A study by Health Equity Research Lab Director Ben Cook and researcher Timothy Creedon was recently featured in an article in The Atlantic. The study, conducted in 2014 evaluated the impact of the ACA on mental health care disparities in the United States. It found evidence that mental health care access increased for those with psychological distress, but found no reduction in mental health disparities, and no improvements in substance abuse treatment access.

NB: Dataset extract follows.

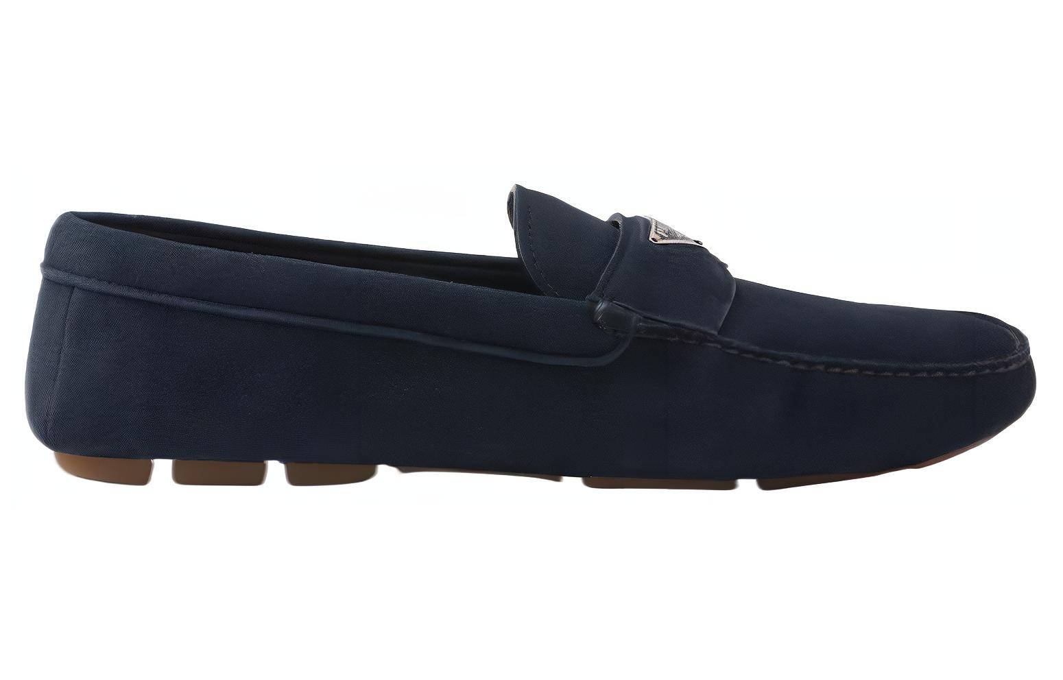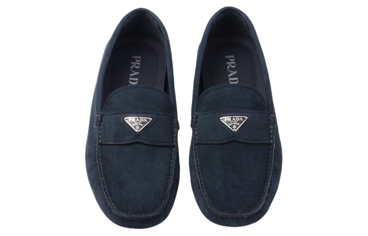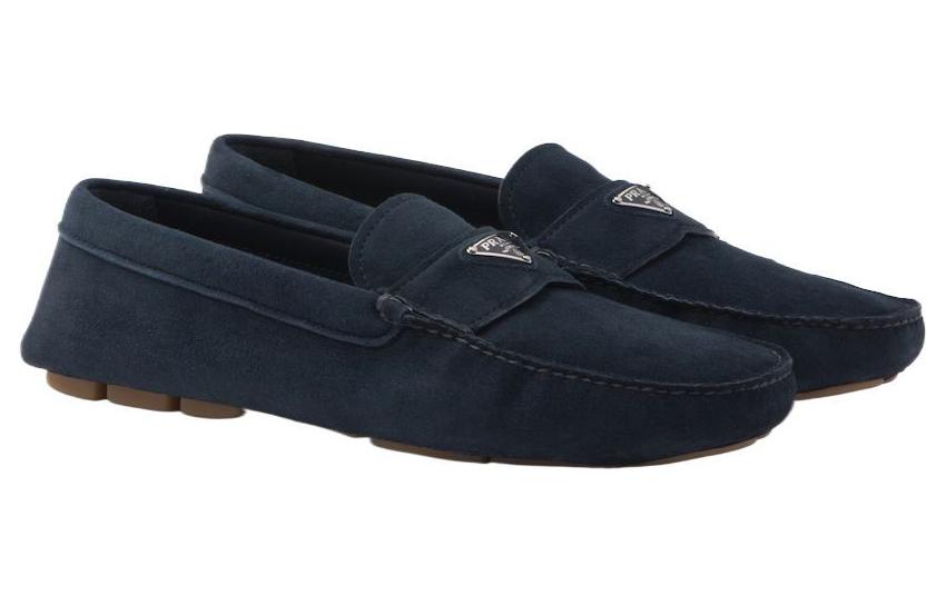 Туфли-лоферы из замши с треугольным логотипом PRADA, темно-синие
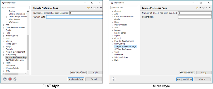 환경설정 필드 편집기는 FLAT 스타일의 렌더러를 사용한다. FLAT 스타일은 수직 RowLayout와 같이 필드를 배치한다. 일반적으로 많이 사용하는 그리드 스타일로 변경하려면, 환경설정 페이지 클래스의 생성자 위치에 GRID 스타일의 렌더러를 지정한다. GRID 스타일은 레이블과 필드의 길이를 계산해서 각 요소를 적절히 분리하고 배치한다.

Important highlights of the study are shared below


The 2003 Institute of Medicine publication Unequal Treatment elevated to national priority the elimination of health care disparities, and this concern continues to be echoed as an overarching goal in Healthy People 2010 and 2020. Mental health care disparities remain particularly large compared to other health disparities, and pose an undue burden on minorities. Our Psychiatric Services study used nationally representative data from the Medical Expenditure Panel Survey to examine trends in racial and ethnic disparities in access to mental health care between 2004-2012.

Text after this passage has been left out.